Keseluruhan dari dasar dan sumber hukum ekonomi merupakan suatu mukjizat
yang tetap adanya dalam artian hukum islam tidak dapat disamakan dengan hukum
pasang surut maupun hukum – hukum yang lainnya. Empat sumber hukum islam
diantaranya, Al Qur’an, Sunnah dan hadist, Ijma’, Qiyas dan ijtihad. Selanjutnya akan
dijelaskan dibawah ini sesuai dengan kegunaannya masing – masing.
a. Kitab suci AL Qur’an
Al Qur’an merupakan sumber hukum yang abadi dan asli karena merupakan
amanat yang sesungguhnya yang disampaikan oleh Allah melalui ucapan Nabi
Muhammad untuk membimbing umat manusia dimasa depan yang bersifat universal
dan fundamental. Berdasarkan hal tersebut sempat terjadi kesalah pahaman antar
pelajar tentang keberadaan Al Qur’an, dimana terdapat pertentangan apakah Al
Qur’an ini diciptakan atau tidak diciptakan. Sedangkan dari aliran Muktazilah dan ahli
pikir non muslim mempercayai bahwa Al Qur’an diciptakn dan bukanlah firman
Allah. Kepercayaan ini dinyatakan bahwa kitab suci ini dikirimkan kedalam hati Nabi
SAW, dengan demikian dituliskan dengan gaya bahasa Nabi SAW dari waktu ke
waktu. Tetapi lain halnya dengan sumber yang didapat dari Waliyullah dan iqbal
bahwasannya kitab suci itu tidak diciptakan melainkan amanah dari Allah kepada
Nabi SAW.
Tanpa adanya keraguan bahwa wahyu tersebut memanglah mengalir melalui
hati Nabi SAW yang berjangka waktu selam dua puluh tahun tetapi kata – kata serta
gaya bahasanya memiliki ide – ide yang tanpa kendali sadar Nabi SAW tanpa adanya
pikiran dari perantara. Kenyataannya bahwa kitab suci ini adalah catatan wahyu
universal yang disampaikan oleh Allah kepada Nabi Muhammad SAW yang tidak
berdaya untuk mengendalikan proses tersebut dengan sadar. Dengan demikian Al
Qur’an bukanlah diciptakan melainkan memang digunakan sebagai petunjuk oleh
umat manusia sepanjang zaman.
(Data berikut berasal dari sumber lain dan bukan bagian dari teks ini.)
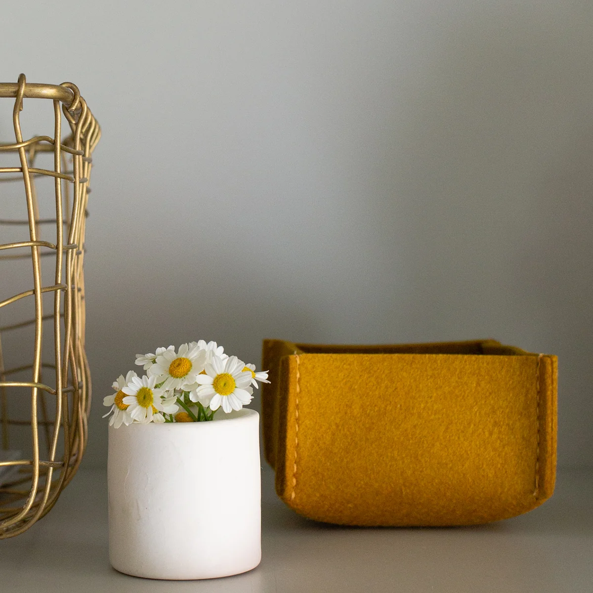 Dekorativ im Eingangsbereich platziert können in den Filzboxen Schlüssel und Briefe abgelegt werden, aber auch Schmuck, Nähgarn und allerlei andere Kleinigkeiten können in den Filzkörben von Hey Sign dekorativ verstaut werden.

Al Qur’an berbicara pada semua tingkatan dan
berusaha mencapai semua jenis pengertian, melalui perumpamaan, persamaan,
argumentasi, penelitian, pandangan, dan penelitian mengenai fenomena alam dan
hukum – hukum alam, moral dan spiritual. (Q.S, A Kahfi, 18,54-55). (Q.S, Az Zumar,
39 : 27), (Q.S, Al Hasyr, 59 : 22).
Apabila setiap pemikiran beranggapan bahwa wahyu Al Qur’an ini bersifat
kausal, maka sekian banyak orang akan dituntun dengan berbagai motif untuk
memperoleh perangkat norma dan nilai yang berbeda – beda sesuai dengan
kebutuhannya. Dengan demikian akan berpengaruh terhadap kerusakan dari wahyu
Al Qur’an yang bersifat universal tersebut. Dengan adanya hukum undang – undang
yang telah diciptaka oleh manusia yang perlakuannya banyak ketidakadilannya, lain
halnya dengan Al Qur’an yang memberikan penjelasan dengan kaidah – kaidah
hukum, sehingga membenarkan bahwa Al Qur’an bukan kitab undang – undang
dalam arti modern. Bukan juga merupakan ringkasan etika, selain mengemukakan hal
sepele juga membahas mengenai prinsip – prinsip pokok dan memiliki perhatian
bersifat ilahi dan cara agar umat manusia memperoleh pengetahuan tentang itu.
Pokok dari peningkatan kesejahteraan manusia di segala bidang telah disusun
dalam Al Qur’an (An Nahl, 16 : 90) yang diingatkan seperti :
“ Hai manusia, sesungguhnya telah datang kepadamu pelajaran dari Tuhan-mu
dan penyembuh bagi penyakit – penyakit dalam dada dan petunjuk serta rahmat bagi
orang – orang yang beriman. “ (Q. S, Yunus, 10 : 57)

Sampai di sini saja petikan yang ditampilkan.